§ About this task
The task calls for the lines from the start of the entries below through the line with "1997 Matchbox McDonald´s", given again verbatim, with every picture dropped.

◇ ◇ ◇ ◇ ◇ ◇ ◇

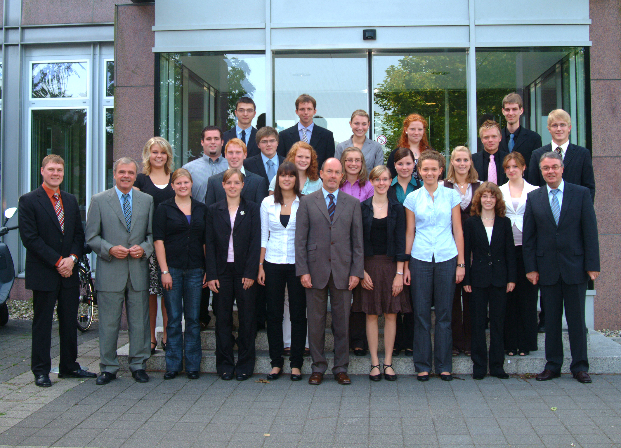 Herzlich willkommen: Landrat Thomas Kubendorff (M.) begrüßte heute gemeinsam mit Kreisdirektor Dr. Wolfgang Ballke (2.v.l.), Personalamtsleiter Ulrich Oletti (r.) und Ausbildungsleiter Markus Möllers (l.) 22 neue Auszubildende in der Kreisverwaltung.
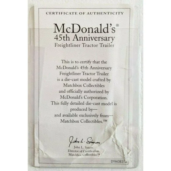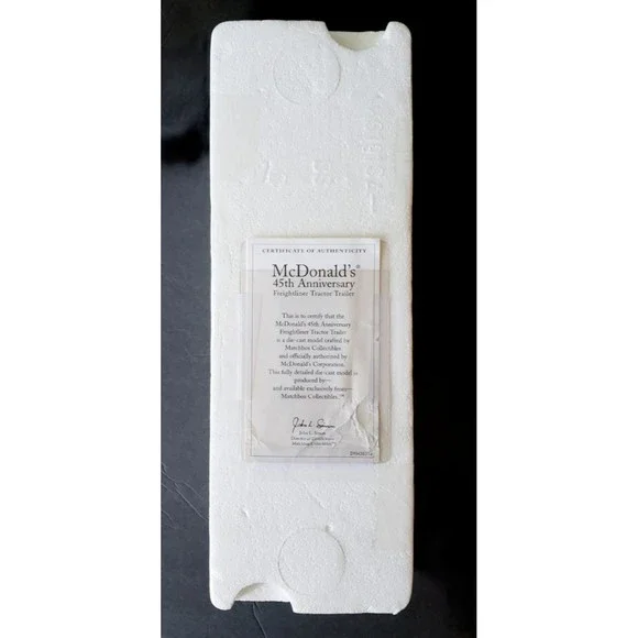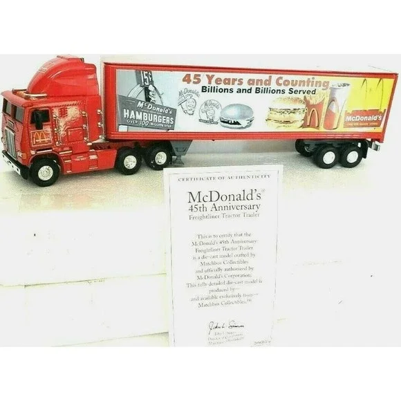 1997 Matchbox McDonald´s Diecast Tractor Trailer 45th Anniversary Scale: 1:58 With Original Inside styrofoam packaging. Outer box not included. Cars Are Not Battery-Powered...
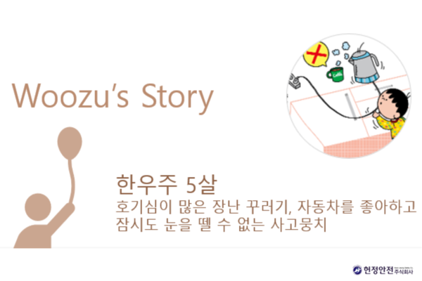 늦은 오후 목이 조금 건조하고 따끔거려서 엄마는 생강차를 마시기 위해 전기 주전자로 물을 끓이기 시작했어요. 끓기 전 빨래를 걷으러 발코니로 나갔죠. 우당탕 소리가 나더니 우주가 자지러지게 우는 소리가 들립니다. 울음소리에 소스라치게 놀란 엄마는 소리가 난 주방으로 달려갑니다.
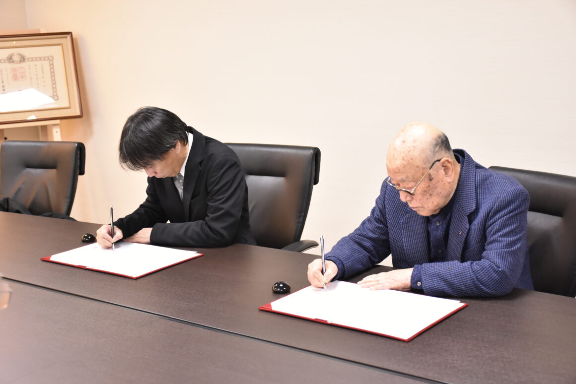 3月17日(火)、大阪府立東大阪みらい工科高等学校と学校法人二本松学院との高大連携協定に関する締結式が行われ、新谷秀一理事長と東大阪みらい工科高等学校の中谷竜也校長が高大連携に関する協定書に署名し協定を締結しました。
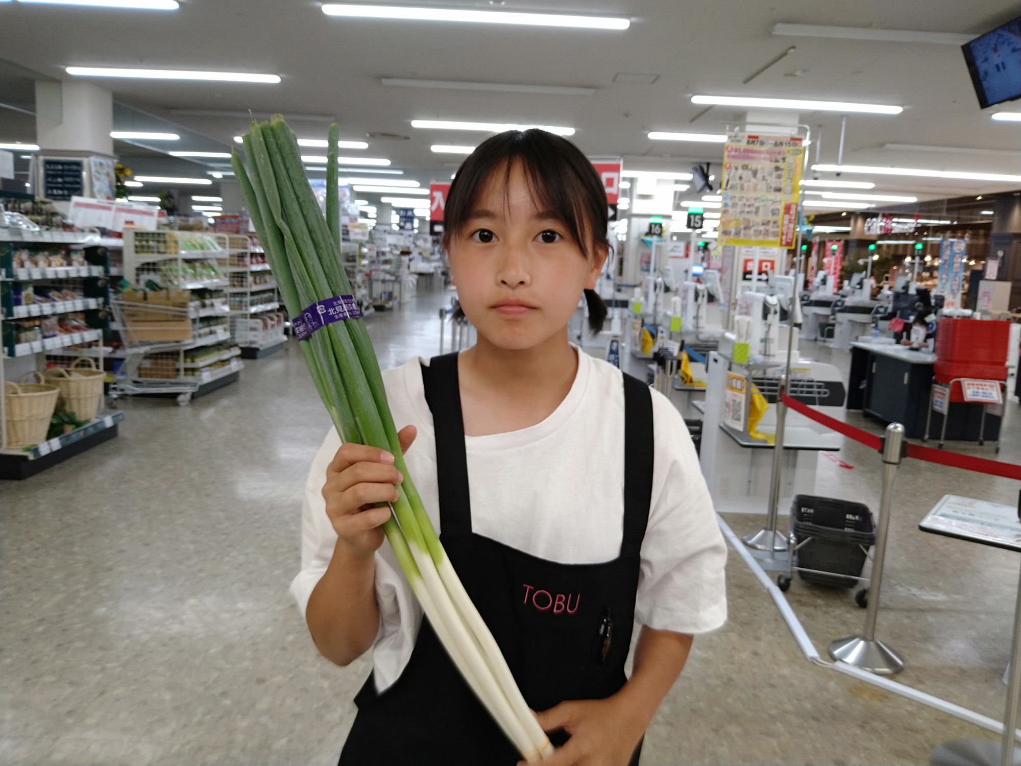 おはようございます。青果コーナーでは、北見産長ねぎ1束128円で販売しております。麺の薬味や、お好み焼きにどうぞ御賞味ください

◇ ◇ ◇ ◇ ◇ ◇ ◇

§ Solution for this problem
 Herzlich willkommen: Landrat Thomas Kubendorff (M.) begrüßte heute gemeinsam mit Kreisdirektor Dr. Wolfgang Ballke (2.v.l.), Personalamtsleiter Ulrich Oletti (r.) und Ausbildungsleiter Markus Möllers (l.) 22 neue Auszubildende in der Kreisverwaltung.
 1997 Matchbox McDonald´s Diecast Tractor Trailer 45th Anniversary Scale: 1:58 With Original Inside styrofoam packaging. Outer box not included. Cars Are Not Battery-Powered...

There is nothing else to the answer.